Poe Chat
PassAudited by ClawScan on May 1, 2026.
Overview
This skill appears to do what it claims—call Poe models and optionally upload user-selected files—but users should notice the Poe API key, third-party file upload, and unpinned Python dependencies.
This skill is reasonable to install if you want Poe model access from the agent. Before using it, install dependencies in an isolated environment, store the Poe API key carefully, and only upload files you are comfortable sending to Poe and the selected model provider.
Findings (3)
Artifact-based informational review of SKILL.md, metadata, install specs, static scan signals, and capability signals. ClawScan does not execute the skill or run runtime probes.
Installing and using the skill may require granting access to a Poe API key for the user's Poe account.
The skill requires a Poe API key and also supports passing it on the command line. This is expected for a Poe integration, but users should treat the key as a credential; command-line use may expose it in shell history or process listings.
export POE_API_KEY="your_api_key" ... 也可以在调用时通过 `--api-key` 传入
Use the POE_API_KEY environment variable rather than passing the key directly on the command line, and revoke or rotate the key if it is exposed.
Any file supplied with --file may be sent to Poe and then to the selected model provider for analysis.
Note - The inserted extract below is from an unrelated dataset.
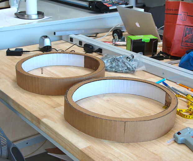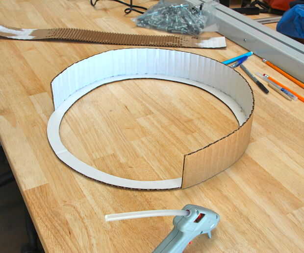 corté tiras de cartón 3 pulgadas de ancho para esto. Cortarlos para que te curva muy bien - es decir, a través de la veta, no con él!

The script uploads user-specified local files to Poe through fastapi-poe. This is disclosed and purpose-aligned, but it is a third-party data transfer.
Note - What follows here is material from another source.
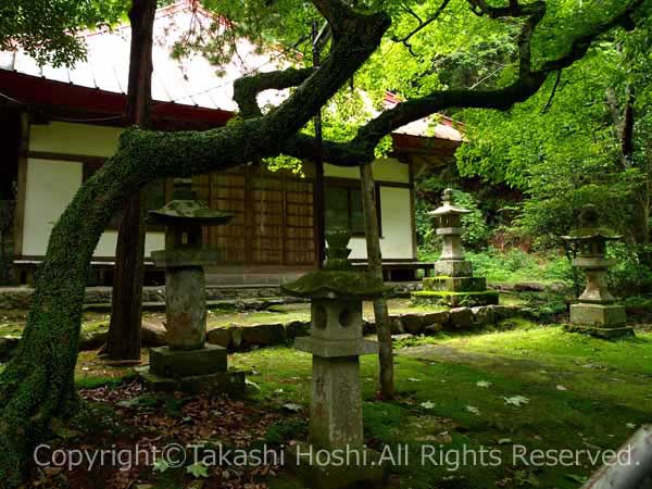お堂の前には、カタチの異なる石燈籠がいくつも建てられており、これが苔に映えとても印象的だ。これにより美しさが増している感じだ。

with open(path, "rb") as handle:
attachment = fp.upload_file_sync(handle, api_key=api_key)Only upload files you are comfortable sharing with Poe/the selected model, and avoid secrets, credentials, private documents, or regulated data unless appropriate.
Future dependency changes could affect behavior or security even if the skill files do not change.
The dependency list is not version-pinned, while SKILL.md instructs users to install it with pip. This is typical for simple scripts but leaves exact installed versions to the package index at install time.
fastapi-poe requests
Prefer installing in a virtual environment and consider pinning or reviewing dependency versions before use.